*** Opening Provided data ***
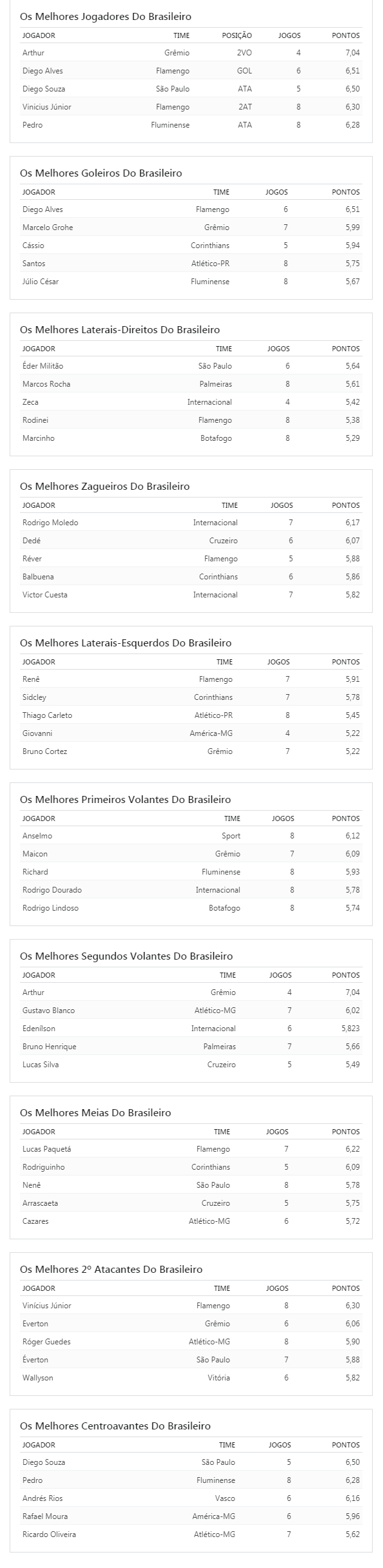 No momento, o segundo colocado é Gustavo Blanco (Atlético-MG), que já foi o melhor segundo volante em duas rodadas diferentes (3ª e 8ª). Lembrando que Arthur está lesionado, não deve voltar a jogar antes da Copa e pode ir para o Barcelona nesta janela.
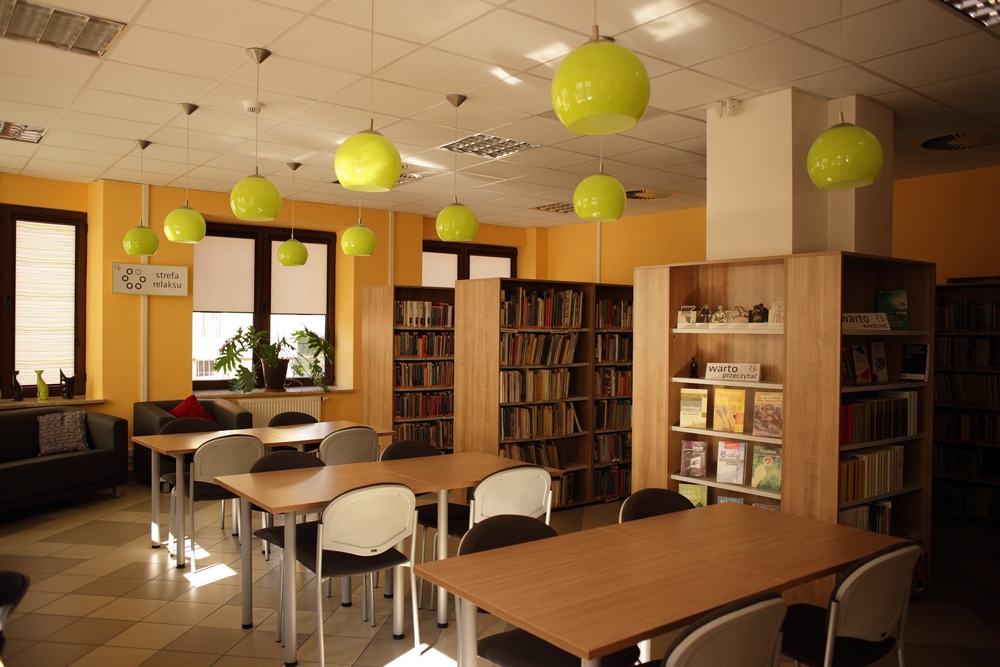 Aranżacja wnętrz objęła całe wyposażenie niezbędne do tego, by obiekt zapewniał pełną funkcjonalność użytkownikom i pracownikom. W aranżacji należało też wykorzystać część dotychczasowych mebli, czyli stworzyć spójną całość z wykorzystaniem starego i nowego asortymentu, np. dostarczone przez nas regały metalowe na książki musiały być dopasowane do już istniejących.
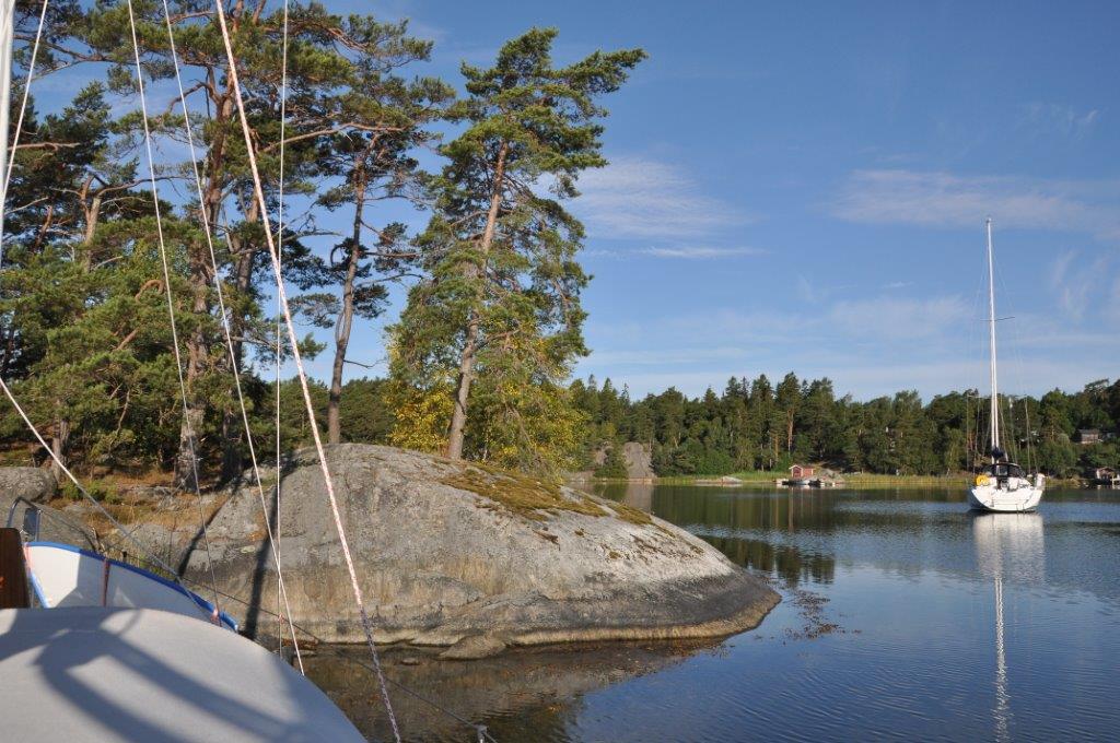 Unsere Tagesstrecke von der kleinen Ankerbucht bei Lille Marskär nach Nynäshamn beträgt weniger als 4 sm. Luftlinie wären es sicher unter einer halben sm. Die kurze Strecke schaffen wir in weniger als einer Stunde. Unser Plan geht auf, denn bereits beim Anlaufen von Nynäshamn kommen uns viele Segelboote entgegen. So bekommen wir sicher einen Liegeplatz in dem zwar großen, aber gut besuchten Hafen. Wir legen bereits vor 11:00 Uhr an.
*** Closing Provided data ***
**Required work**
Copy the listing exactly. Any image in it stays out of the copy.

**Output for this task**
 No momento, o segundo colocado é Gustavo Blanco (Atlético-MG), que já foi o melhor segundo volante em duas rodadas diferentes (3ª e 8ª). Lembrando que Arthur está lesionado, não deve voltar a jogar antes da Copa e pode ir para o Barcelona nesta janela.
 Aranżacja wnętrz objęła całe wyposażenie niezbędne do tego, by obiekt zapewniał pełną funkcjonalność użytkownikom i pracownikom. W aranżacji należało też wykorzystać część dotychczasowych mebli, czyli stworzyć spójną całość z wykorzystaniem starego i nowego asortymentu, np. dostarczone przez nas regały metalowe na książki musiały być dopasowane do już istniejących.
 Unsere Tagesstrecke von der kleinen Ankerbucht bei Lille Marskär nach Nynäshamn beträgt weniger als 4 sm. Luftlinie wären es sicher unter einer halben sm. Die kurze Strecke schaffen wir in weniger als einer Stunde. Unser Plan geht auf, denn bereits beim Anlaufen von Nynäshamn kommen uns viele Segelboote entgegen. So bekommen wir sicher einen Liegeplatz in dem zwar großen, aber gut besuchten Hafen. Wir legen bereits vor 11:00 Uhr an.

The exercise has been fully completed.